Matthew Diakonov, Written with AI

Published May 17, 202610 min read

Direct answer · verified May 2026

In 2026 Anthropic shipped Claude Opus 4.6 and Sonnet 4.6 in February and Claude Opus 4.7 on April 16. Google shipped Gemini 3.1 and the open-weight Gemma 4, with another Gemini model expected at I/O in May. Alibaba shipped the Qwen 3.5 and Qwen 3.6 families. If you run a Claude Code based Mac app, only Claude models drop in for free. GPT runs through a bundled Codex backend. Gemini and Qwen need an Anthropic-API-compatible gateway in front of them, because a raw Gemini or OpenAI key will not work directly.

Sources for the release facts: anthropic.com/news, the Gemini API changelog, and the Qwen 3.6 repository.

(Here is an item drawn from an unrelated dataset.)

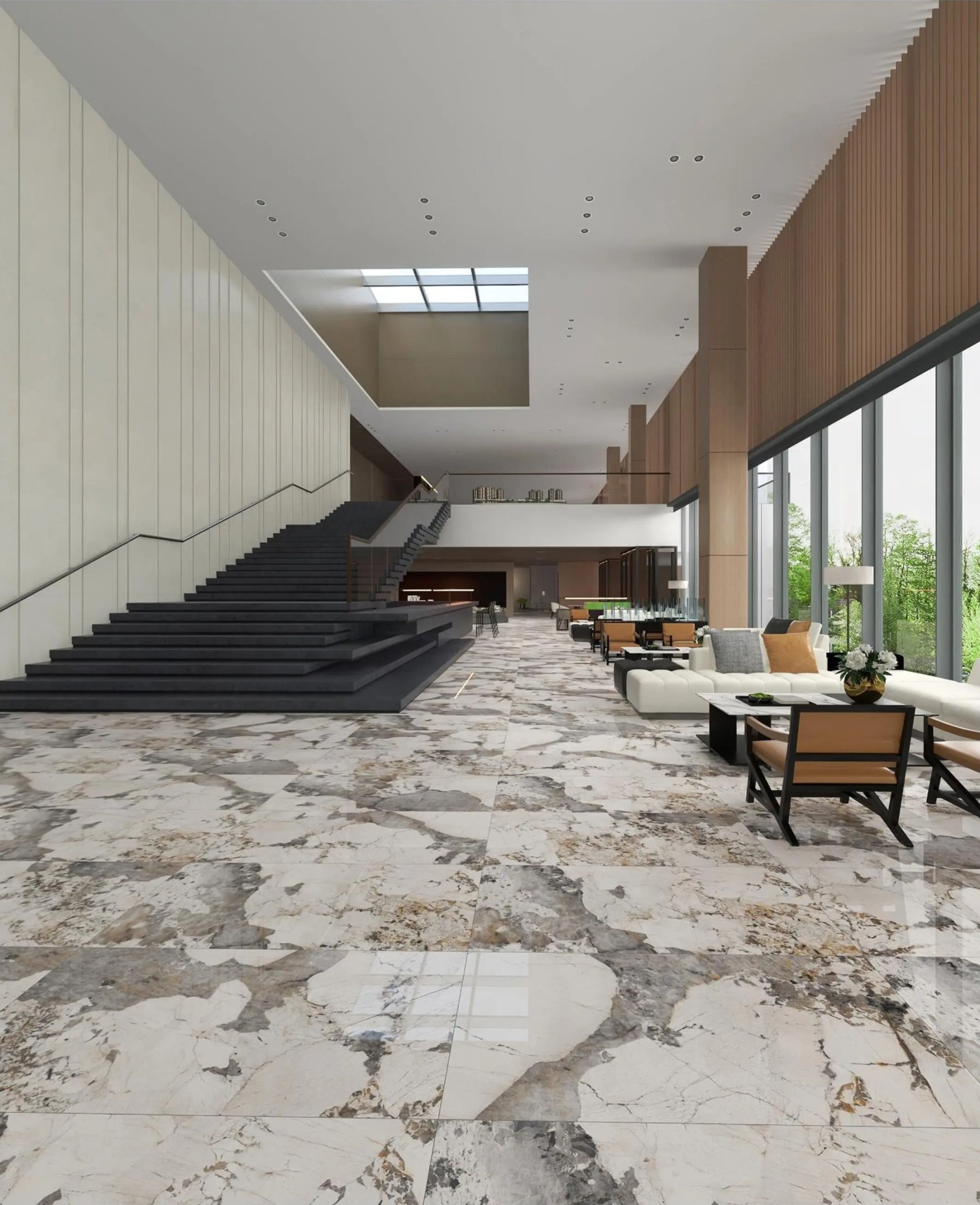 75x150cm Marble tile (full body) กระเบื้องปูพื้นพอร์ซเลนนี้มี ฉนวนกันความร้อน ต้านเชื้อแบคทีเรีย คราบสกปรก และทำความสะอาดง่าย แรงบันดาลใจจากหินธรรมชาติ กระเบื้องนี้มีพื้นผิวหินอ่อนเหมือนจริงเพื่อสร้างความสวยงามและความ หรูหราให้กับพื้นที่ ซึ่งได้รับการนิยมใช้กันอย่างแพร่หลายในเชิงพาณิชย์หรือตกแต่งบ้าน

The roundup, and the column the calendars leave out

Here is the 2026 release picture for the three labs people search for together. The first two columns are what every release calendar gives you. The third is the one that decides whether you can use any of it from a desktop agent today.

Lab and family	What shipped in 2026	Reaches a Claude Code Mac app via
Claude Anthropic	Claude Opus 4.6 and Claude Sonnet 4.6 in February; Claude Opus 4.7 on April 16. A 1 million token context window is in beta on Opus and Sonnet.	Native It is the agent loop. New Claude tiers appear in the picker on the next session, no app update.
Gemini Google	Gemini 3.1 Pro in February; Gemini 3.1 Flash-Lite to developers in March; the open-weight Gemma 4 in April. A further Gemini model is expected at Google I/O in May 2026.	Gateway only Reachable, but only behind a proxy that translates the Anthropic API format. A raw Gemini key does not work.
Qwen Alibaba	The Qwen 3.5 family in February; the Qwen 3.6 family, including Qwen 3.6-Plus and Qwen 3.6-Max-Preview, in April. Parts of the lineup are Apache 2.0 open weights.	Gateway, or local Same gateway requirement, or serve the open weights on your own Mac behind an Anthropic-format shim.

The release facts move week to week, so a static page is not where you track them. Public registries stay current. The durable part of this page is the third column: why a model that exists is not automatically a model your tool can run.

Why the answer splits three ways

Fazm is a native macOS app, and its agent is Claude Code, wrapped through the agent client protocol. Claude Code talks to a model in exactly one wire format: the Anthropic API. That one fact is the whole story. A model is easy to reach if it already speaks that format, and it takes a translation layer if it does not. The four model families people care about in 2026 fall on different sides of that line.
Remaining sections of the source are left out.